Escolto esta entrega con sendos postulados reconocidos, unánimemente, por los demócratas auténticos: no a la sociedad estamental, uno; sí a los votos que se cuentan y no a los que se pesan, dos. Claro está que esto, en cualquier sociedad y aún en los Estados con democracias consolidadas, no existe químicamente con pureza, son fenómenos sociales, no procesos en la campana de un laboratorio. 

Hay corporaciones que aplastan a los ciudadanos individuales, negando ese gran paso que dio la sociedad cuando pasó del simple status elemental y tradicional –así naciste, así morirás– al contractus, es decir, a la construcción de consensos estructurales en la que todos cuentan por igual. 
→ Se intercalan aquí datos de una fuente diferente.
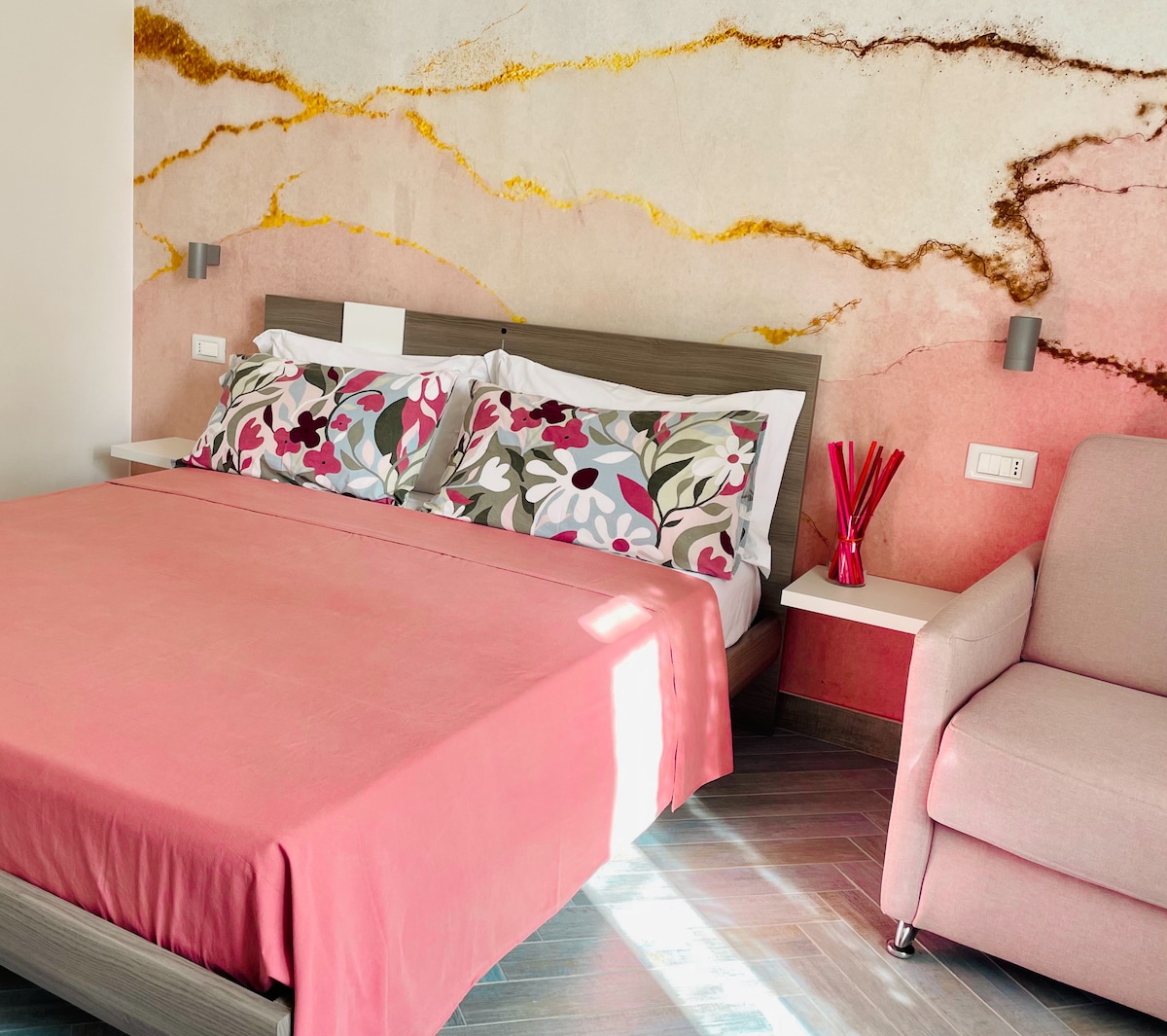 La camera deluxe è una camera full optional spaziosa e arredata con colori caldi stile shabby chic, una caratteristica molto apprezzata che attrae notevolmente gli amanti della cultura e della tradizione. Bagno privato in camera; non dovrai mai condividere il bagno con nessuno. Materasso matrimoniale comodo per garantirti tutto il comfort necessario per un pernottamento perfetto. Angolo colazione riservato; non farai mai colazione con estranei. Inoltre, hai a disposizione la macchina del caffè,.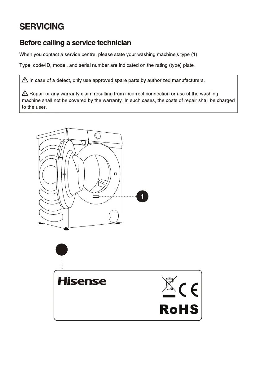 Bekijk gratis de handleiding van Hisense WF1Q8041BW, stel vragen en lees de antwoorden op veelvoorkomende problemen, of gebruik onze assistent om sneller informatie in de handleiding te vinden of uitleg te krijgen over specifieke functies.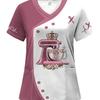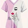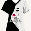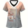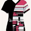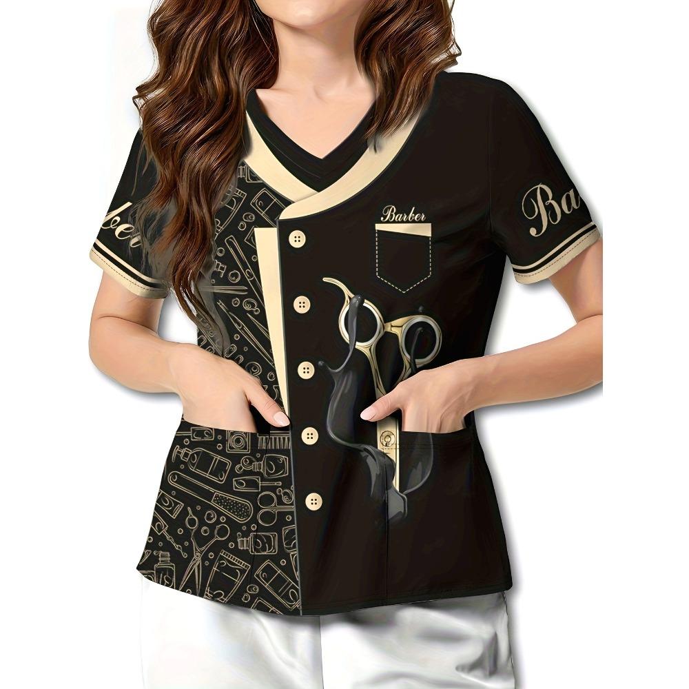 2025 Women's Summer Clothes Stylish Barber Uniform - Black V-Neck T-Shirt with Scissors Comb Print Perfect for Hairdressers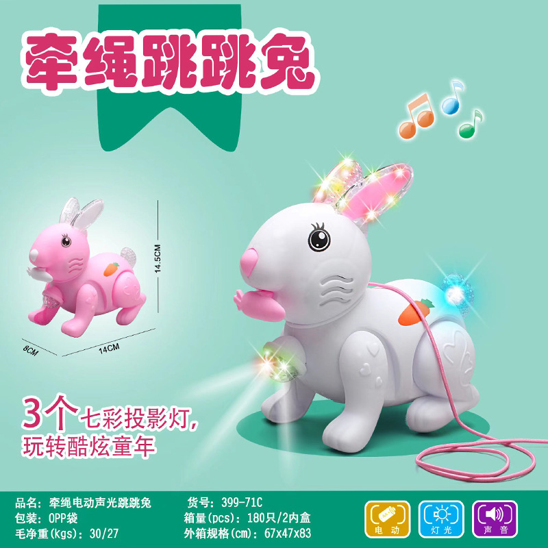 399-71C 전기 로프 라이트 음악 점프 무 토끼는 현을 당겨 야간 시장 마구간 장난감 도매를 걸을 수 있습니다.스토어 가기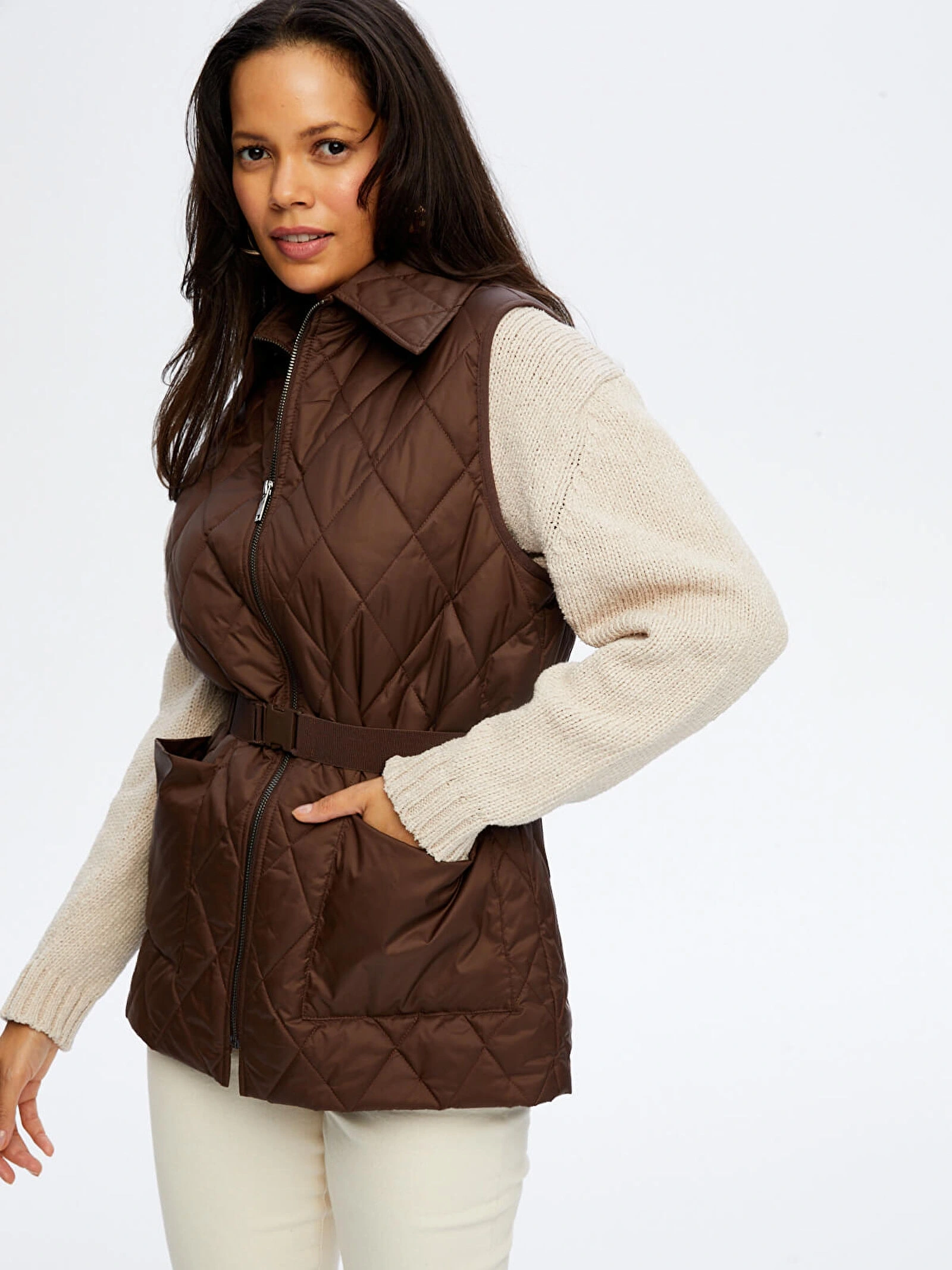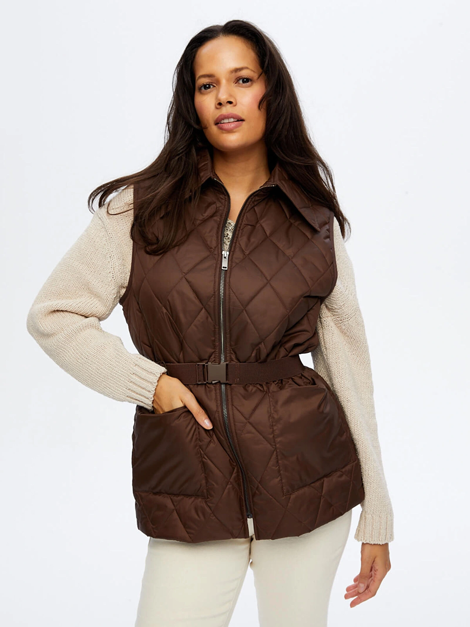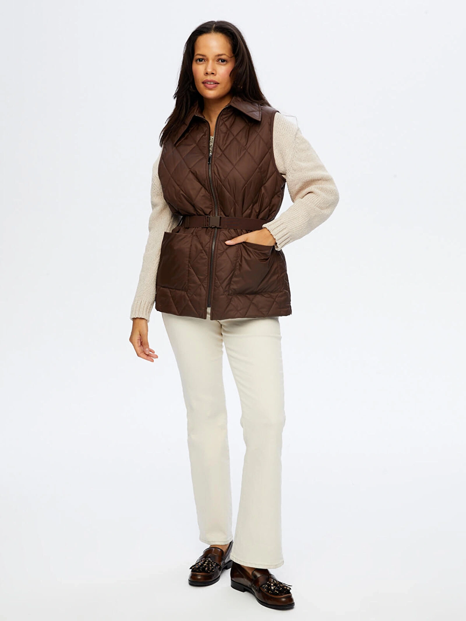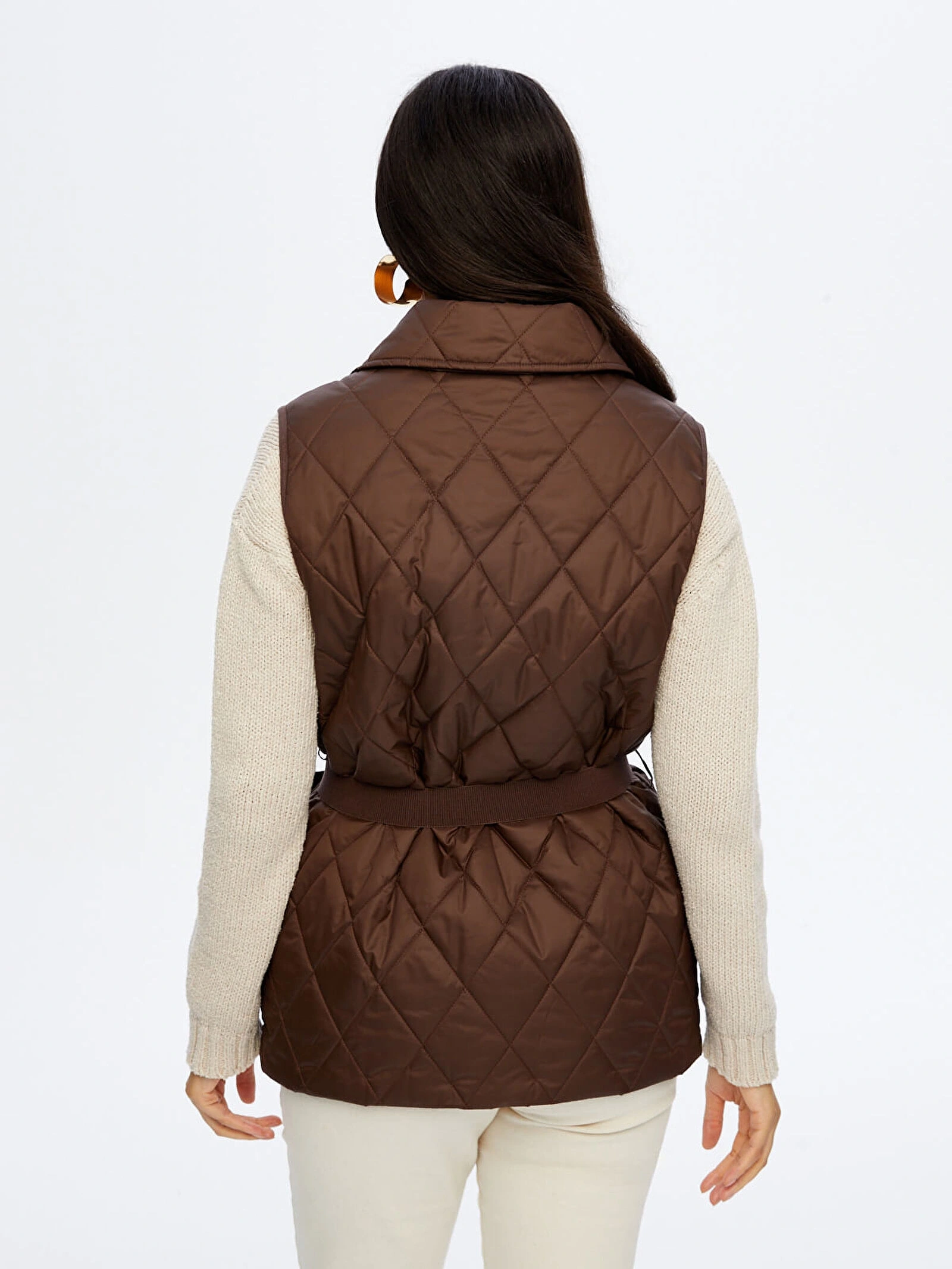Beli kemer detaylı uzun kapitone yelek tasarımı

En la realidad mexicana padecemos estamentos de diversa índole: va desde cualquier ciudadano que construye su feudo en el movimiento urbano y en dos o tres colonias populares, hasta los grupos empresariales que se quieren mover como si fueran un cuerpo único y además privilegiado, por autoestimarse como los únicos que deciden el futuro del país, porque se ostentan como dueños del mismo. Pasando, desde luego, por ese gran conjunto de cárceles sociales que son las agrupaciones sindicales que se construyeron como aparato propartidario a partir de los años treinta del siglo pasado y que marcan línea a sus agremiados para que actúen en tal o cual sentido: los famosos sectores del PRI.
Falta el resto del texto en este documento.